▶ WORK INSTRUCTIONS
Below are entries with pictures among them; reproduce exactly, and only, the lines from the one containing "Easter Magic Key" down to the one containing "Superbe villa moderne", without the pictures.

Dataset items

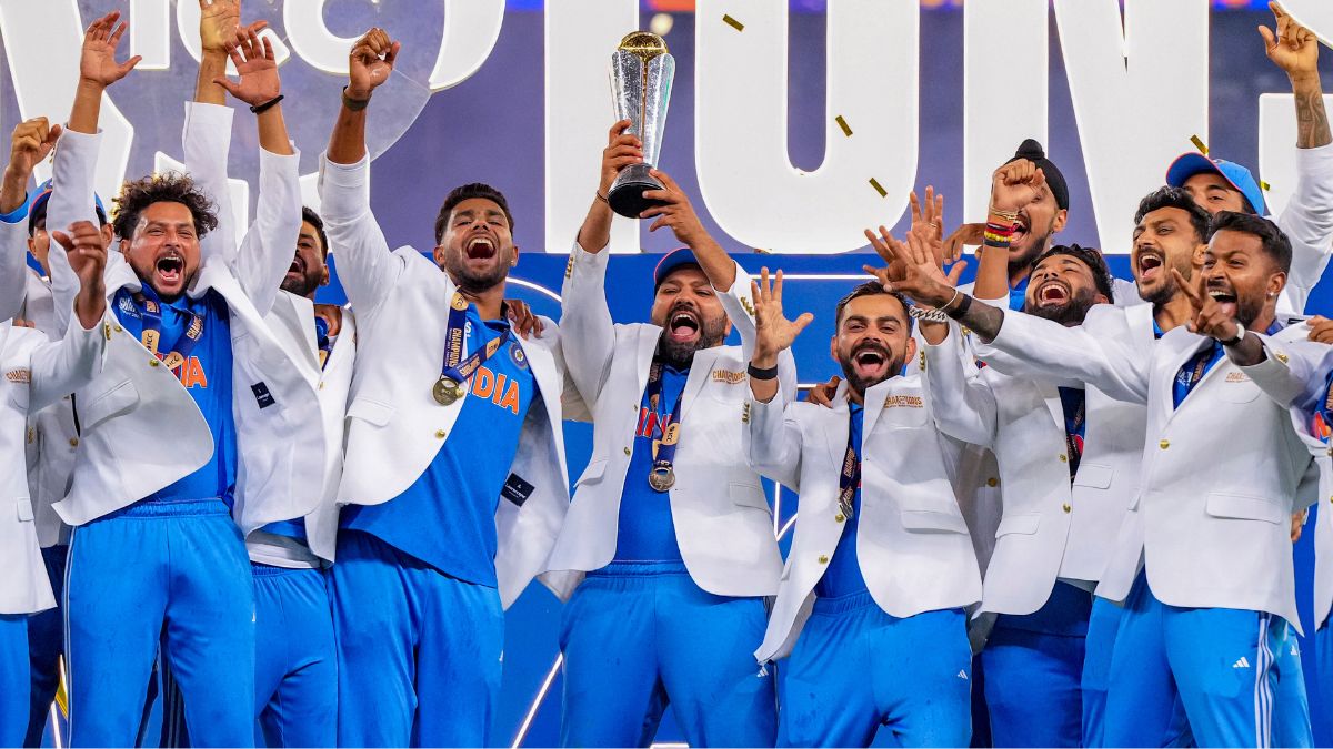 2025 சாம்பியன்ஸ் தொடரில் நியூசிலாந்து அணி 251 ரன்கள் எடுத்தது. அடுத்து ஆடிய இந்திய அணி 49 ஓவர்களில் 252 ரன்கள் என்ற இலக்கை எட்டி 4 விக்கெட் வித்தியாசத்தில் வெற்றி பெற்றது. இந்த வெற்றிக்கு பிறகு கோப்பை வழங்கும் நிகழ்வுக்கு முன்னதாக இந்திய வீரர்கள் அனைவரும் வரிசையில் அழைக்கப்பட்டனர்.
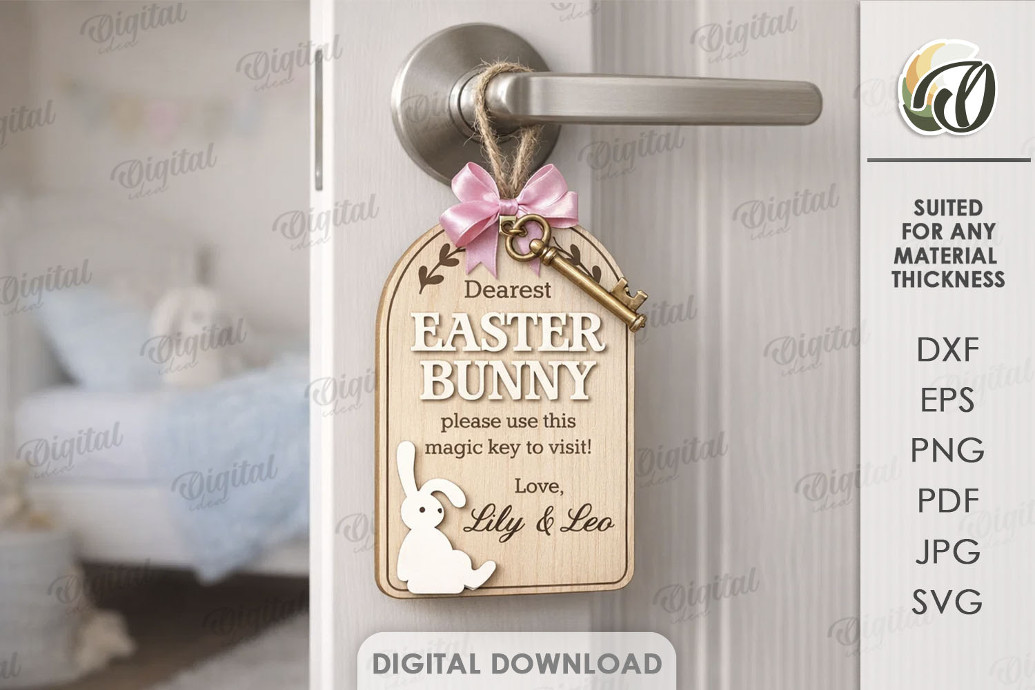 Easter Magic Key Door Hanger Laser Cut. Door Knob Tag SVG example image 1
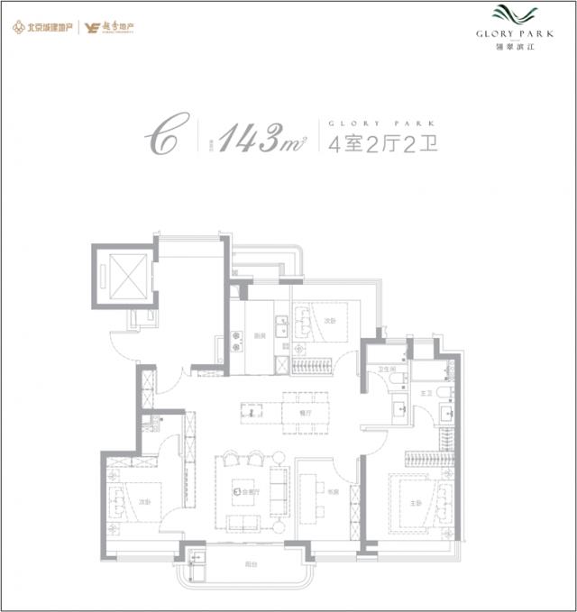 主要面积的房间类型 76 平两室到 144 平四房不等
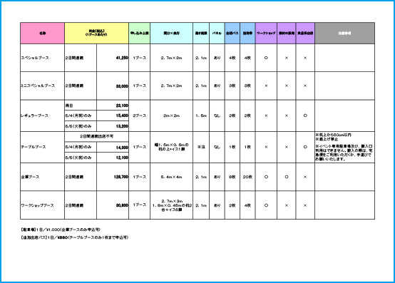 出店される方は必ずご一読ください。ブース一覧表は
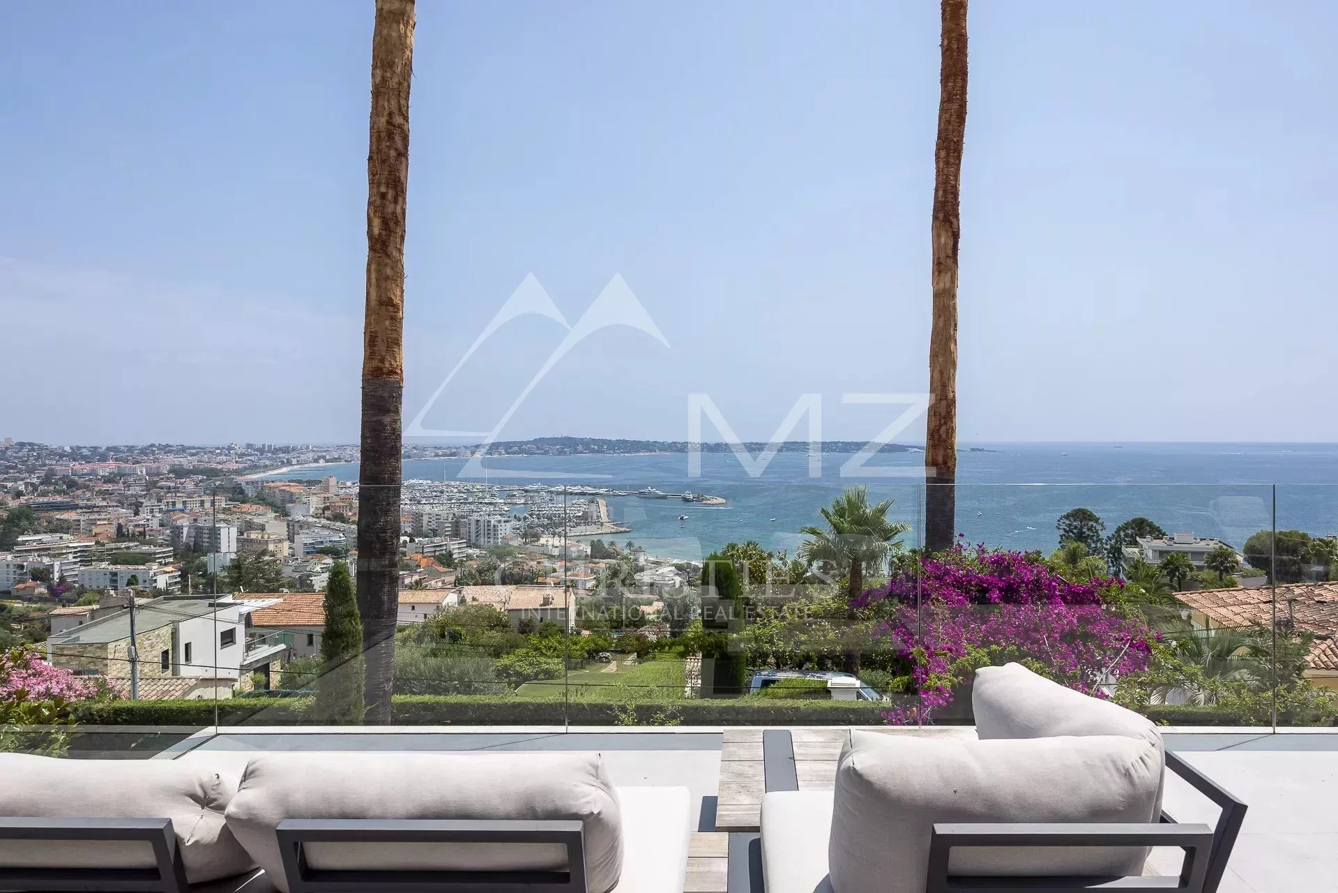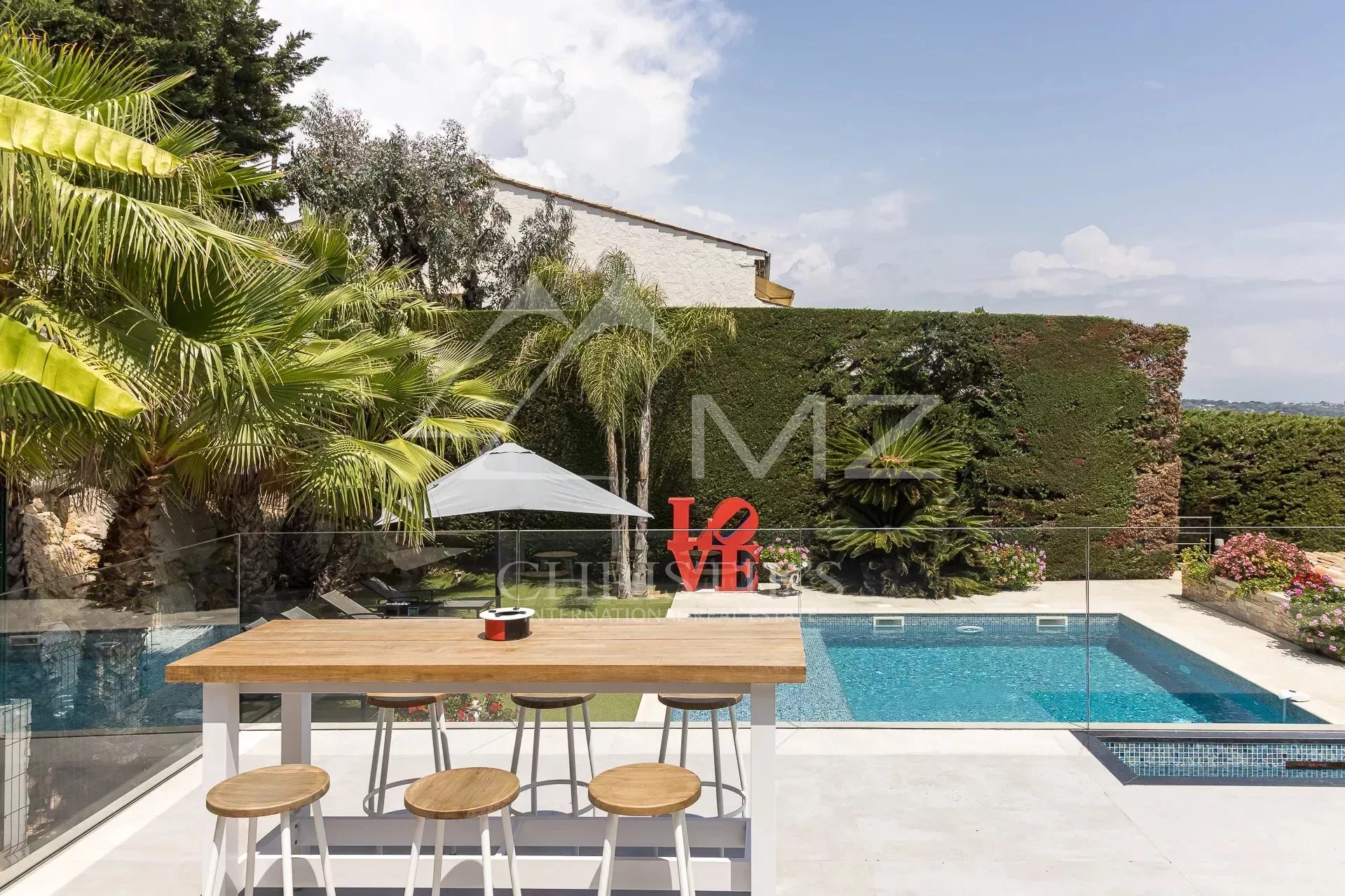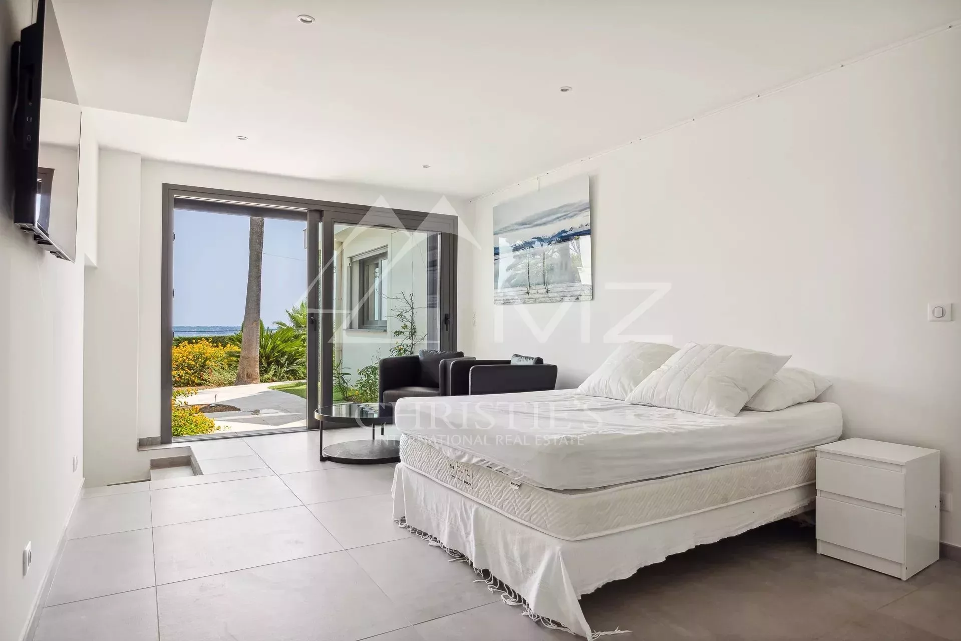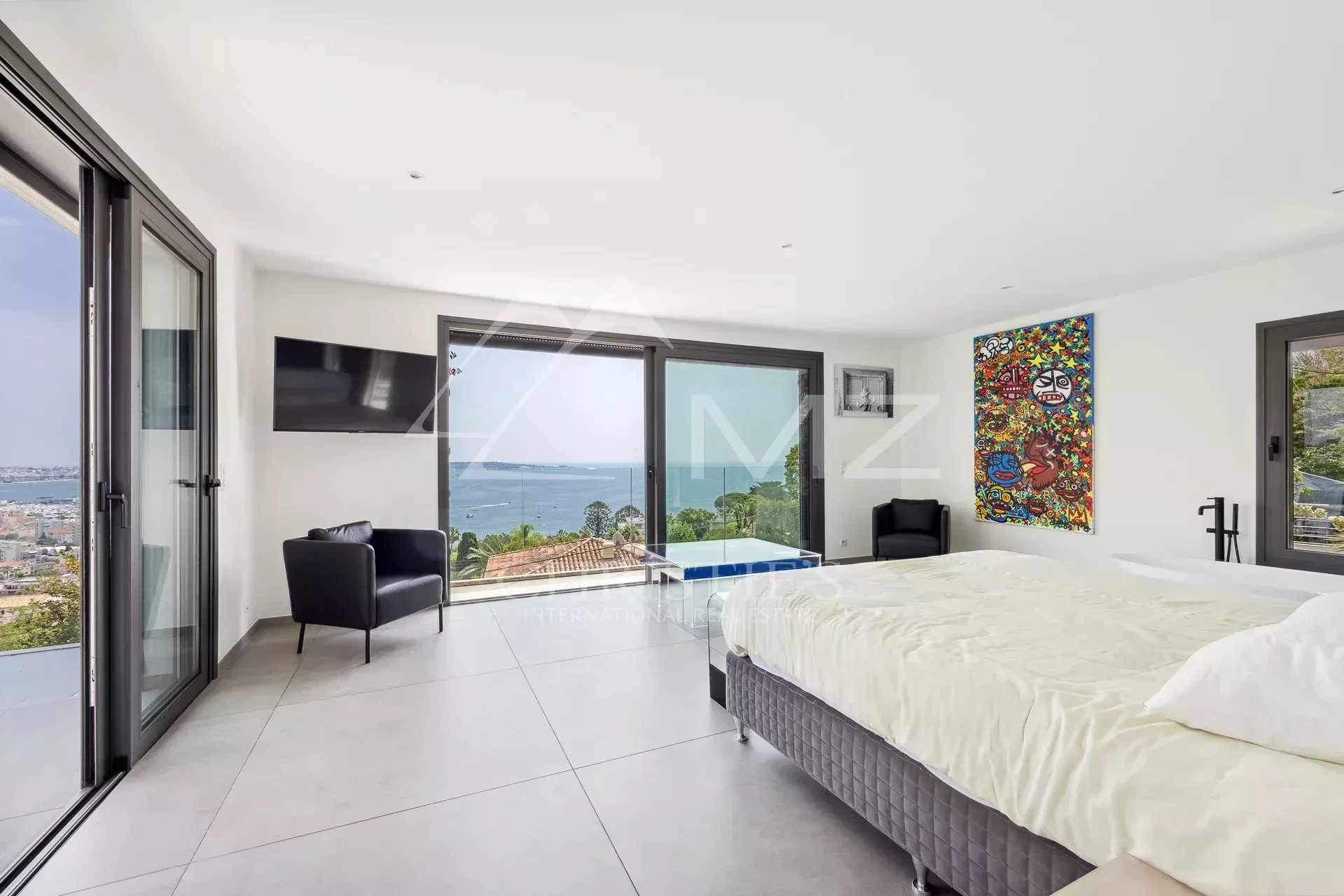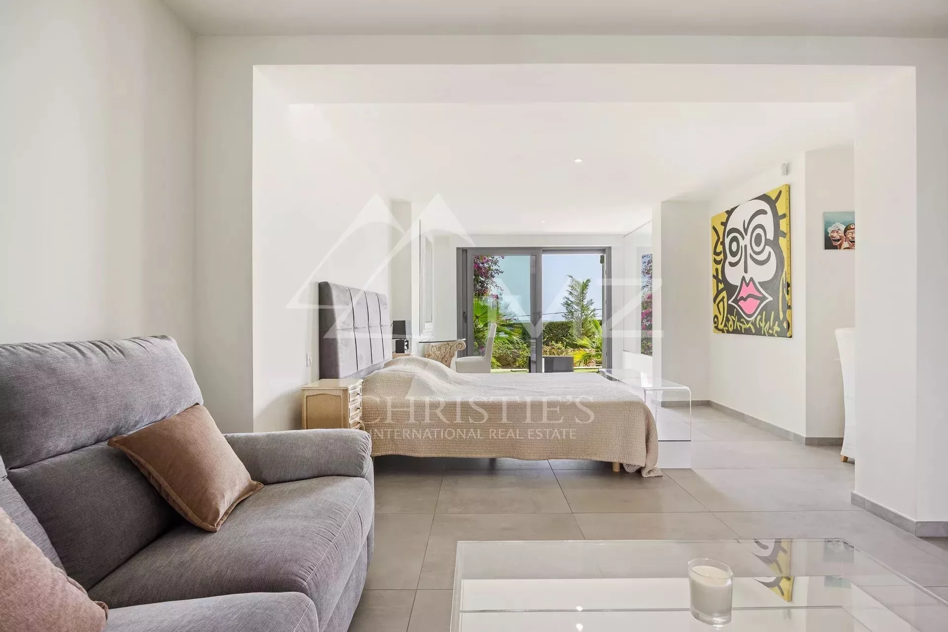 Superbe villa moderne a Golf-Juan de 419 m² environ, comprenant : A l'étage, un séjour avec salle à manger, une cuisine équipée, une chambre de maitre avec salle de douche et bain. Au rez-de-chaussée, 4 chambres en suite. Deux annexes studios. Piscine chauffée 6x11. Terrain d'environ 1500 m². Garage.
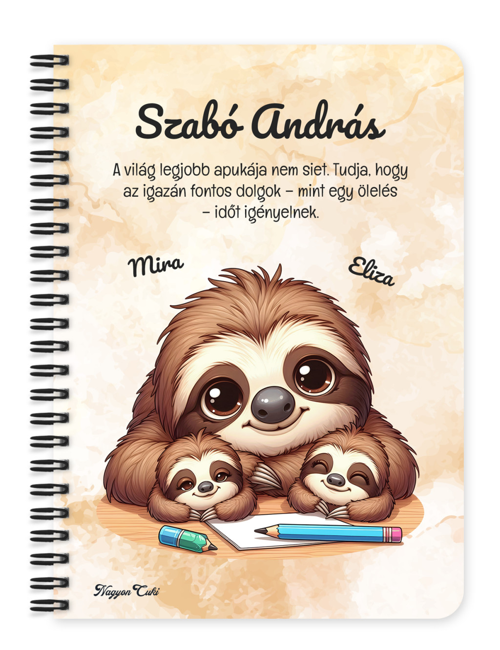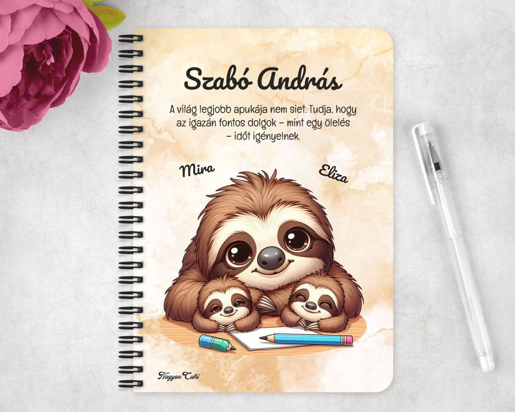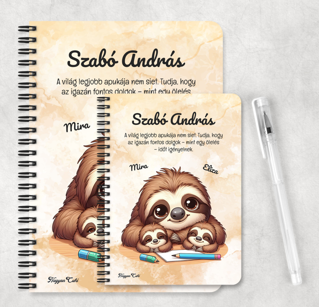 Névvel & Idézettel Kérhető Cuki lajhár Apa és két gyereke mintás Füzet | Névre Szóló Ajándék Apáknak & Személyes Jegyzetfüzet | nagyoncuki.hu
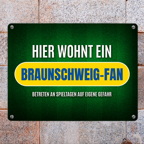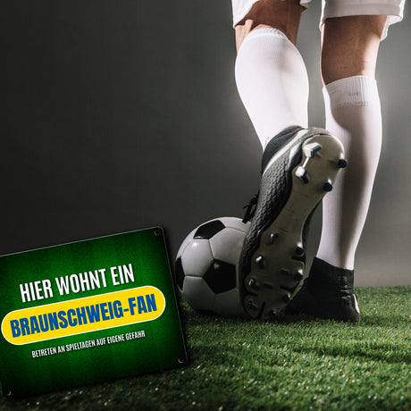 Ab €16,95Grundpreis /Nicht verfügbarAuf LagerHier wohnt ein Braunschweig-Fan Metallschild mit Rasen Motiv
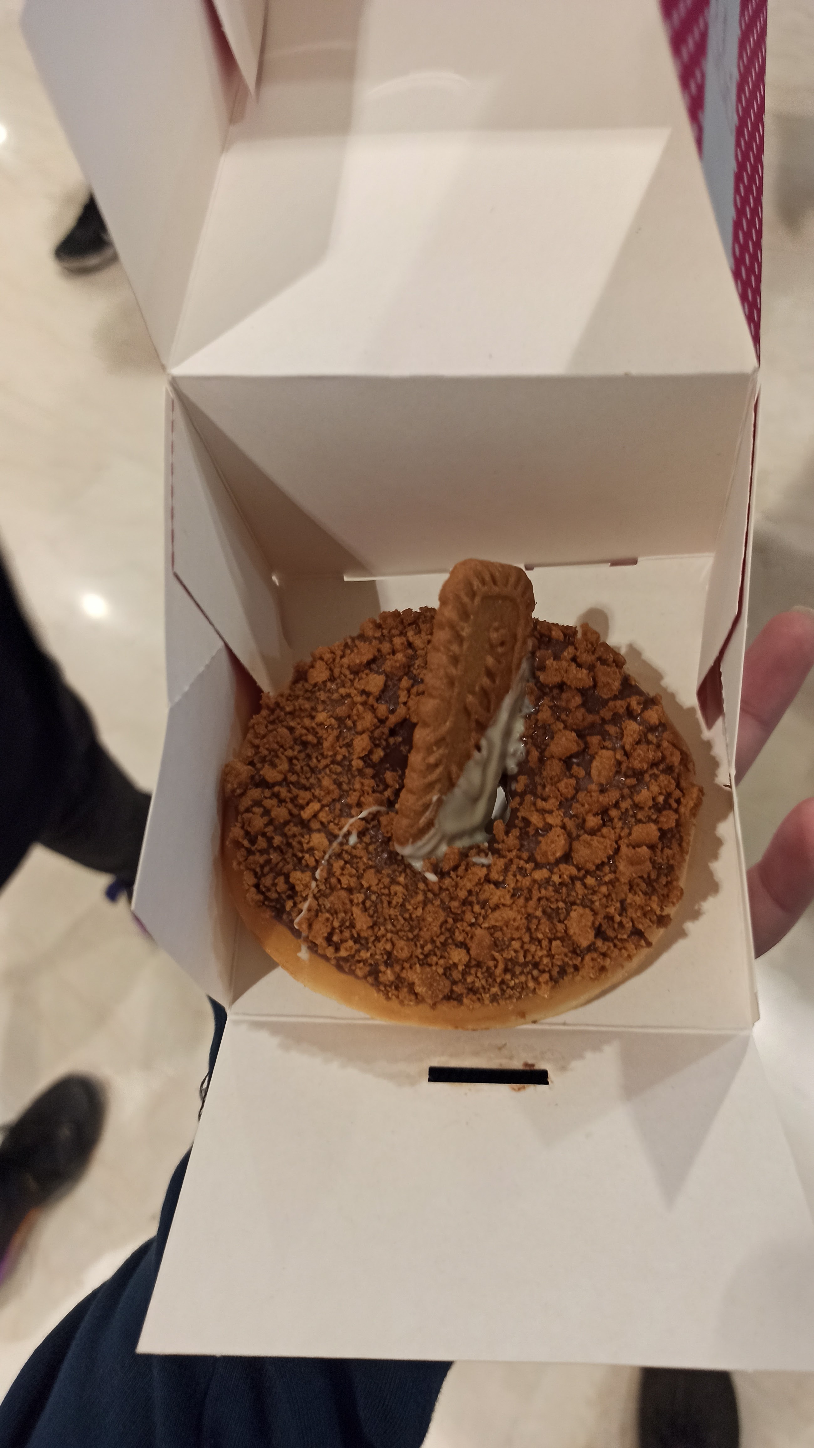 Posté le 20/10/2021 à 18:24"Situé dans un petit stand à l'intérieur du centre commercial d'aeroville, on s'est laissé tenter par les donuts de cette nouvelle enseigne qui visuellement donne vraiment envie. Choisir est difficile il est vrai qu'ils nous donnent réellement envie. Si vous optez pour un simple c'est 2,5€ un plus elabore 4,5€. Il en va de même pour les cronuts. Pour avoir déjà tester des cronuts excellents, j'ai trouvé que ceux la au visuel n'avait pas l'air excellent. J'ai donc choisi un donuts au kinder Bueno White fourré à la pâte à tartiner maison. Mon ami a pris un simple au deux chocolats. Pour le mien, j'ai bien aimé surtout lorsqu'il y a le kinder ça croustille et ça fond en bouche c'est vraiment top. Par contre les endroits où il n'y a pas le kinder manque de pâte à tartiner. J'ai goûté celui de mon ami que j'ai trouvé fade et le chocolat blanc trop sucré"

▶ EXPECTED OUTPUT
 Easter Magic Key Door Hanger Laser Cut. Door Knob Tag SVG example image 1
 主要面积的房间类型 76 平两室到 144 平四房不等
 出店される方は必ずご一読ください。ブース一覧表は
 Superbe villa moderne a Golf-Juan de 419 m² environ, comprenant : A l'étage, un séjour avec salle à manger, une cuisine équipée, une chambre de maitre avec salle de douche et bain. Au rez-de-chaussée, 4 chambres en suite. Deux annexes studios. Piscine chauffée 6x11. Terrain d'environ 1500 m². Garage.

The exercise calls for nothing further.